Getting steel for 9/11 memorial in Tallahassee was no easy chore for Terhune

A drawing of the 9/11 memorial was unveiled during ceremonies last week at the Red Cross building.
Photo by St. Clair Murraine
Michael Terhune stands by a trailer carrying a 3,500-pound piece of steel that will make a 9/11 memorial.
Photo by St. Clair Murraine

By St. Clair Murraine
Outlook Staff Writer

Tom Derzypolski walked to the podium, said a few words and then stopped as he looked at an 11-foot piece of steel beam from the fallen South Tower.

The steel, which brought back memories of the September 11 terrorist attack on the World Trade Center, lay on a trailer behind Derzypolski.

“I didn’t expect that to affect me,” he said.

Derzypolski was one of several speakers who showed up at the American Red Cross Capital Area office on Easterwood Drive to announce plans for construction of a memorial to mark the tragic day. It was also a day to celebrate the determination of Michael Terhune, who brought the piece of steel from the South Tower to Tallahassee.

A drawing of the memorial was unveiled, showing the 3,500-pound of steel mounted on a pentagon-shaped platform. It will be constructed in front of the Red Cross building, with completion targeted for late this year or early 2022, according to Mathieu Cavell, who runs Leon County Community and Media Relations.

In addition to the Red Cross and Leon County government, the project is being shepherded by the Knight Creative Communities Institute and Team Guardian, which will finance construction of the memorial. 

Derzypolski, chairman of the Red Cross board of directors, and Terhune, founder of Team Guardian, are Navy Corpsmen who were in Tallahassee at the time of the attack. They both wanted to be in New York to help, Terhune pleading with his supervisors to send him.

He eventually got there with the Navy Reserves. What he saw live and on television of the horrific day brought on his determination to memorialize the day. He recalled how he showed up to work with a Tallahassee Memorial HealthCare’s ambulance unit at about the time that the first of two planes struck the towers.

“It was very impactful to me,” he said. “The next day, I started posting all the pictures of the firefighters they lost. As the names came in, we posted them with candles.”

Eight years after the attack, Terhune completed a second deployment to Iraq. He immediately set out to get a piece of the fallen tower for a memorial in Tallahassee. It wouldn’t be easy, as he had to maneuver bureaucracy, including being told that he needed $2 million in insurance to move the steel himself.
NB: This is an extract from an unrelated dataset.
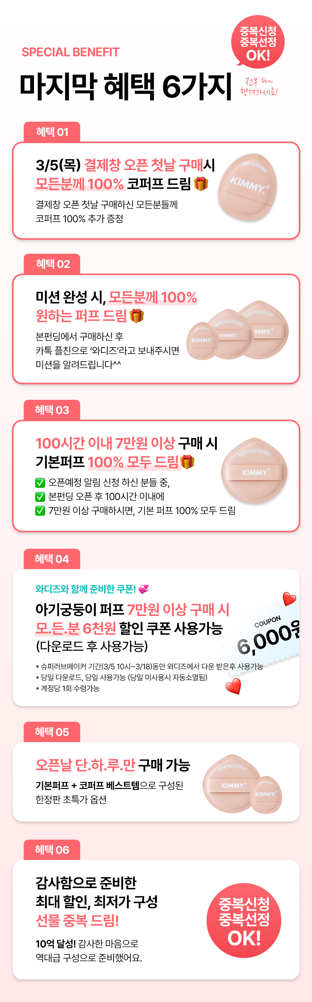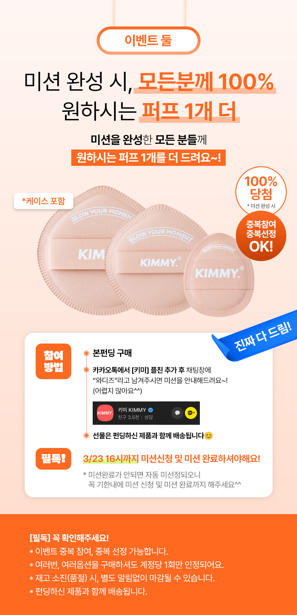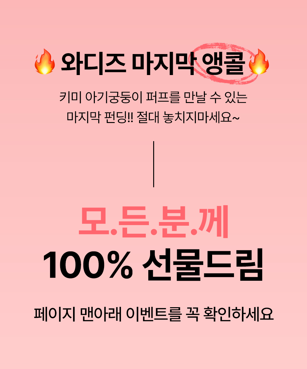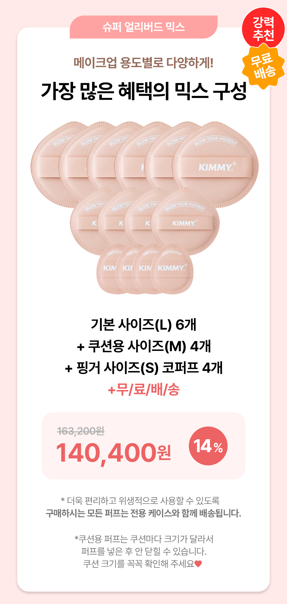 촉촉하기로 유명한 쿠션과 파데를 발랐는데도, 우와- 할만함의 광채는 저에게 나오지 않더라고요 문제가 뭘까? 찾아보다가 바로 “퍼프”에서 찾았어요. 아무리 촉촉한 쿠션으로 발라도, 퍼프가 수분감을 다 흡수해 버리는 것을 알게 되었지요! 수백개가 넘는 퍼프를 잘라보면서 피부로 수분감을 확실히 전달할 퍼프를 1년 넘게 연구했어요! 제조사를 찾는 것도 너무 힘들었지만, 저와 똑같은 고민을 하실 서포터님을 생각하면서 포기하지 않았습니다! 키미의 아기궁둥이 퍼프와 함께 피부의 생기와 촉촉한 광채 모두 뽐내 보세요^^ 키미가 돕겠습니다!

He made a $4,000 investment to hire a shipping company that eventually made the delivery. Terhune insisted that he wasn’t going to give up because of how the fateful day touched his life.

“I was very affected by 9/11,” he said, adding that he would have gotten the project done “even if I had built the memorial in my front yard.”

Of course it didn’t come to that. The involvement of KCCI helped to remove some of the hurdles, said Shannon Colevecchio, a member of the KCCI’s Catalyst team.

The idea that Terhune brought was a perfect fit with KCCI’s mission, she said.

“Clearly that is a day that you could say is this generation’s Pearl Harbor,” Colevecchio said. “Everyone who was around and old enough on 9/11 remembers exactly where they were.”

After giving an overview of what transpired on Sept. 11 in 2001, County Commission Rick Minor explained the significance of having the memorial in the state’s capital city.

“It will offer a place for Leon County residents and visitors to reflect and remember, not only the nearly 3,000 people who lost their lives, but those brave first responders who mobilized after the plane struck the North Tower at 8:46 a.m. and those who came from all over the country to aid in the rescue and recovery effort as well as the many men and women (who) voluntarily enlisted to serve and protect their country in the wake of the tragedy,” Minor said. “Their sacrifices will not be forgotten.”

As it turns out, Florida was linked to the attack. President George W. Bush was at Emma E. Booker Elementary School in Sarasota when the first plane slammed into the World Trade Center. Bush’s brother, Jeb, was governor of the state, where some of the 19 terrorists trained for the attack.

When the memorial is completed, it will be “honorable,” Terhune said, adding that he will have lasting memory of the attack.

“Americans hope an attack like this will never happen again,” he said. “Through this memorial, Florida and the capital city will never forget.”